Wednesday, 19 September 2012


Near Corain, Spain
27th April, 2012

I am sheltering while a persistent April rain falls on this corner of Asturias. The tiled roof above me covers a village lavandería basin, with Año 1919 inscribed on its stone cistern. The sound of water is everywhere: the steady input from an iron pipe, the constant pitter-patter of drips from the eaves, the rustle from a small stream twenty yards away. Overhanging trees gather the rainfall into loud, plummeting drops.
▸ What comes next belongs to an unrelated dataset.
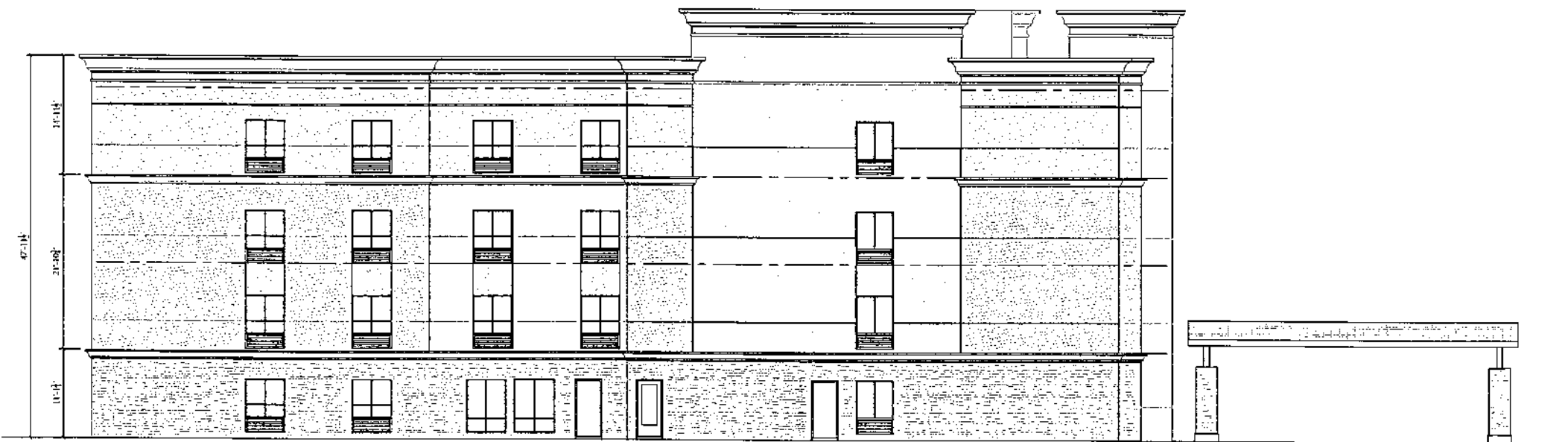
B1 EAST ELEVATION 1/8" = 1'-0"

The laundry is set into a wooded limestone slope overlooking a small valley. I have climbed a lane beside hedges, apple trees and a sloping meadow with two grey horses and a foal. The sky is weeping over this hilly, wooded landscape that reminds me of Somerset or Powys; trees are lichenous, the ground is mossy and floral. Small farmsteads are dotted here and there, many showing signs of careful but unfussy management: trees are coppiced and pollarded, hedges trimmed, drystone walls maintained. The stream is neatly culverted where it flows under the lane. The natural wealth in this damp corner of Spain needs constant attention, and I'm glad to see that people still provide it.

But what of the laundry - does anyone come here to wash their clothes? A white plastic bottle labelled Mistol Original stands next to a pillar, and a scrubbing brush and an orange plastic mug sit near the cistern. These are signs of laundry life. But the crystal-clear water flows over a sunken drift of dead, black leaves, and stirring it brings up clouds of silt. The lip of the basin is smoothed from years of use, but now patinated with moss and dirt. The paved floor has sprouting weeds. This laundry needs a thorough cleaning out.

Use and disuse: this place is telling me of a vanishing culture pattern. I imagine women's stories were exchanged here for generations, but their voices have now faded to silence; a part of Franco's world of peasant Spain.

I am telling a story of my own about this laundry, created from a bottle, a brush and a cup. An elderly woman still visits from time to time, and she vividly remembers the scenes and sounds of social life that that used to go on here. But now she only hears - like me - the voice of her own thoughts, and the stories told by fallen leaves and water flowing over stone.